Output the listing below exactly, minus its images.

── Data ──

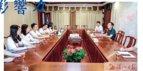
課題組一行前往湄洲媽祖祖廟開展座談交流。

此前,湄洲島管委會主任林鋒會見課題組一行,並簡要介紹了湄洲島的基本情況,交流過程中,課題組一行踴躍發言,暢談課題研究思路和設想。(湄洲日報記者 郭文淵 通訊員 許雙萍 林春盛 文/圖)
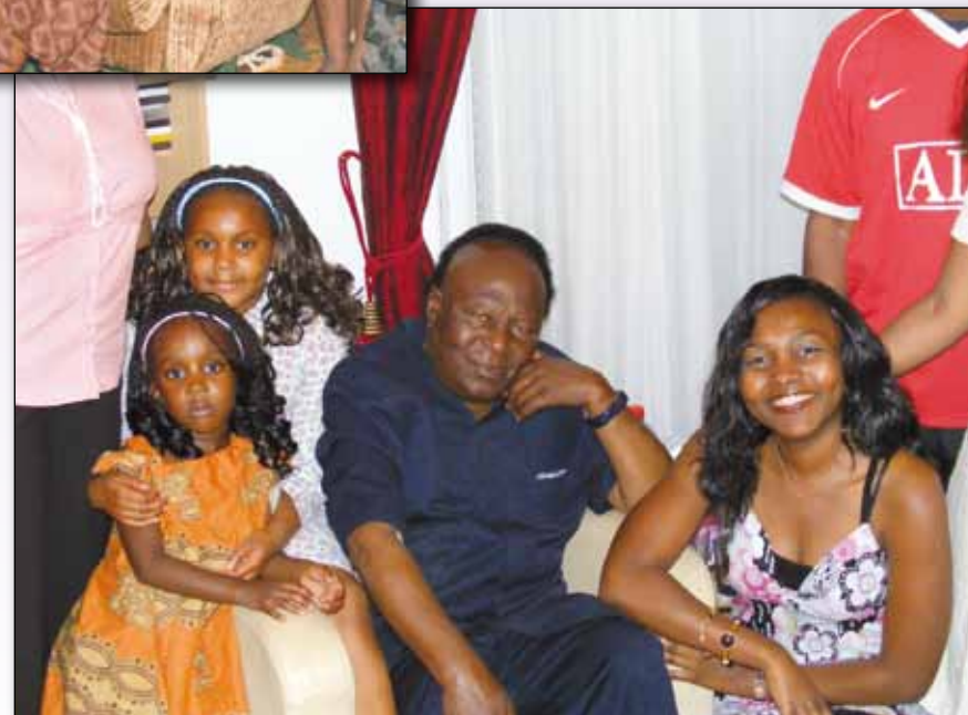
Avec quelques petits-enfants à Paris en 2009.
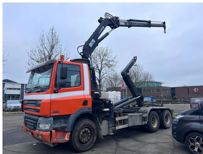
DAF CF 85.380 6X2 + MKG 141 A2 CRANE + 20 TON HOOK...
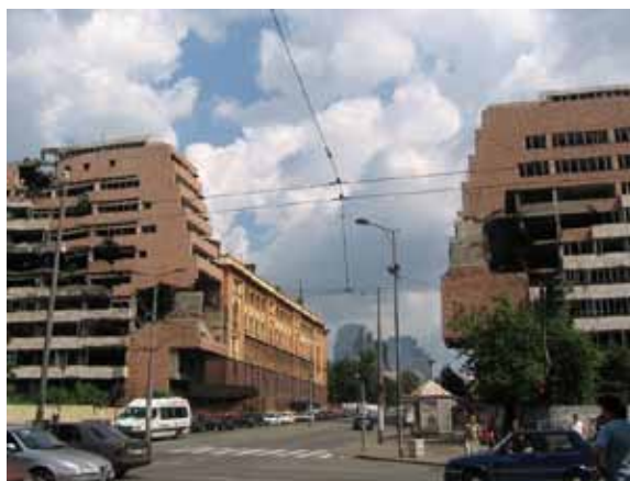
Sl. 26. Generalštab

U neposrednoj blizini Oficirske zadruge, u ulici Kneza Miloša, nalaze se zgrade Generalštaba arh. Nikole Dobrovića, najznačajniji objekti socijalističkog modernizma, teško oštećeni tokom bombardovanja Beograda 1999. godine (Sl. 26). 208 Generalštab nije predviđen za prodaju, a još uvek nije doneta odluka o njegovoj obnovi ili rekonstrukciji. 209
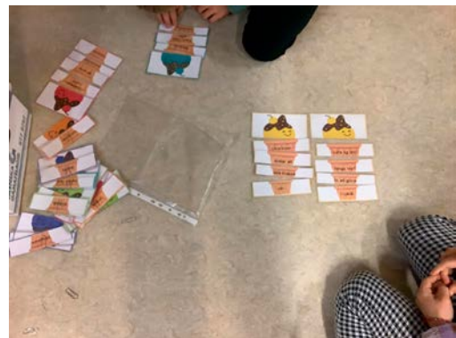
Mynd 9. - Þjálfunartími 2. bekkur, börnin raða orðum upp í setningar.
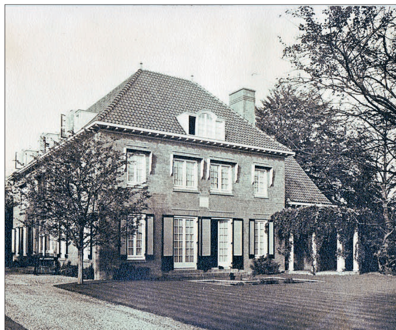
Het huis na de tweede verbouwing, dat er nog steeds is.

───

— Answer for the task —
課題組一行前往湄洲媽祖祖廟開展座談交流。

此前,湄洲島管委會主任林鋒會見課題組一行,並簡要介紹了湄洲島的基本情況,交流過程中,課題組一行踴躍發言,暢談課題研究思路和設想。(湄洲日報記者 郭文淵 通訊員 許雙萍 林春盛 文/圖)
Avec quelques petits-enfants à Paris en 2009.
DAF CF 85.380 6X2 + MKG 141 A2 CRANE + 20 TON HOOK...
Sl. 26. Generalštab

U neposrednoj blizini Oficirske zadruge, u ulici Kneza Miloša, nalaze se zgrade Generalštaba arh. Nikole Dobrovića, najznačajniji objekti socijalističkog modernizma, teško oštećeni tokom bombardovanja Beograda 1999. godine (Sl. 26). 208 Generalštab nije predviđen za prodaju, a još uvek nije doneta odluka o njegovoj obnovi ili rekonstrukciji. 209
Mynd 9. - Þjálfunartími 2. bekkur, börnin raða orðum upp í setningar.
Het huis na de tweede verbouwing, dat er nog steeds is.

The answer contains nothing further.